Neither can the aggravating circumstance of dwelling found by the trial court be applied in the instant
case. The Information alleges only treachery and evident premeditation, not dwelling. Under Sections 8
and 9, Rule 110 of the Revised Rules of Criminal Procedure, a complaint or Information must specify the
qualifying and aggravating circumstances in the commission of the offense.[61] The Revised Rules of
Criminal Procedure took effect on December 1, 2000, and Section 8, Rule 110 is favorable to the accused.
It may be applied retroactively to the instant case.

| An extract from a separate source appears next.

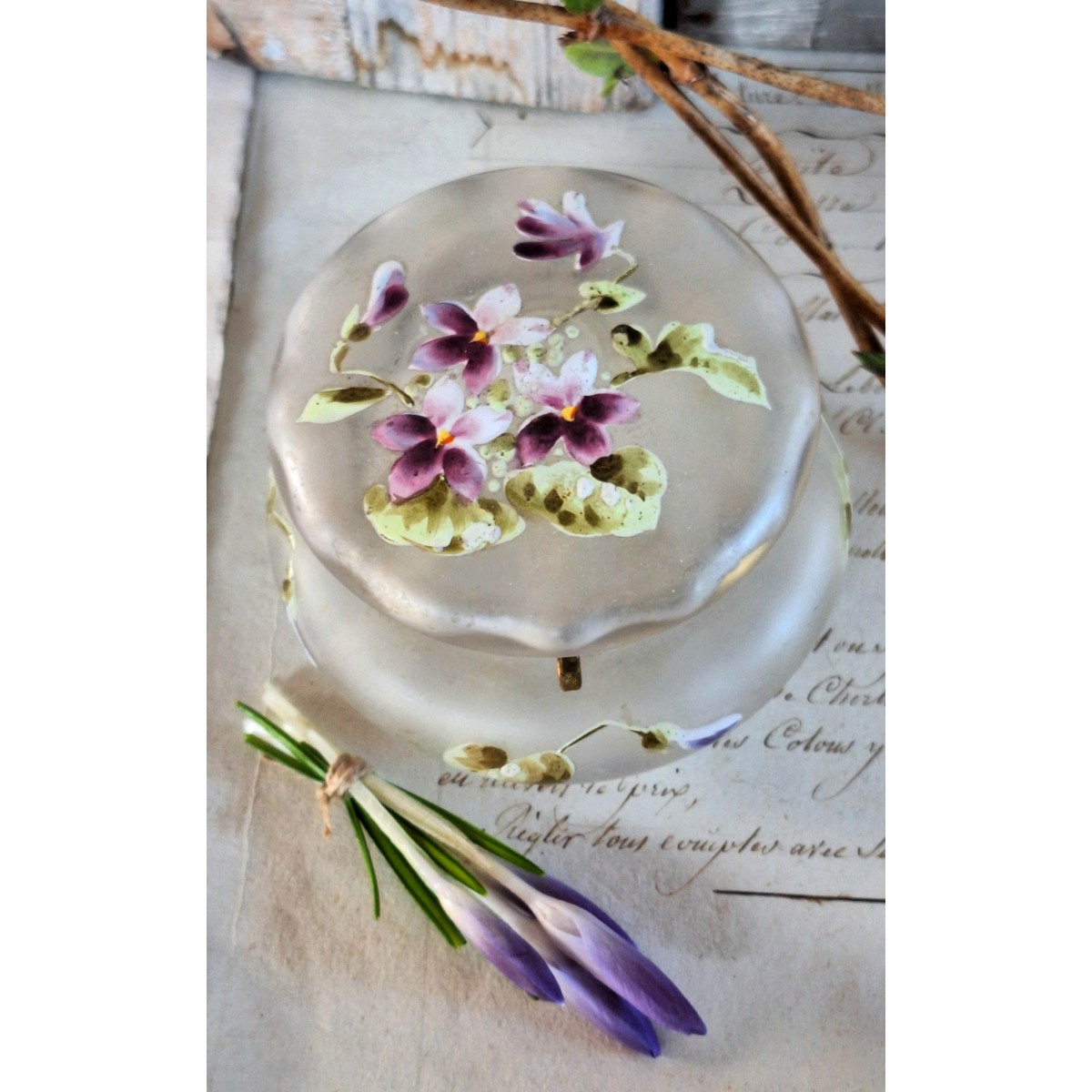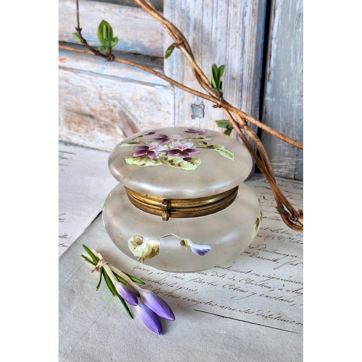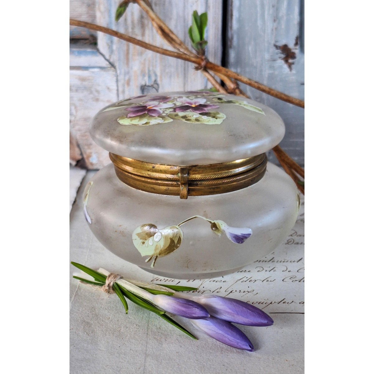 Antik emaljemalet bonbonniere i glas og messing, og med håndmalet blomstermotiv i smukke farver. Det er fra omkring 1900. Glasset er frostet. Luftbobler forekommer i glasset. Skrinet er i en god brugt stand, alderbetinget patina forekommer...SE BILLEDER

Accordingly, without the aggravating circumstance of dwelling, the penalty of death was erroneously
imposed by the trial court. There being no aggravating circumstance, there is no basis for the award of
exemplary damages.[62]
IN VIEW WHEREOF, the decision dated June 22, 1999 of the Regional Trial Court, Caloocan City,
Branch 127 in Criminal Case No. C-54012 (98) is affirmed insofar as accused-appellant Noel Lee is found
guilty of murder for the death of Joseph Marquez. The death sentence imposed by the trial court is
however reduced to reclusion perpetua, there having been no aggravating circumstance in the
commission of said crime. Except for the award of exemplary damages, the award of civil indemnity, other
damages and costs are likewise affirmed.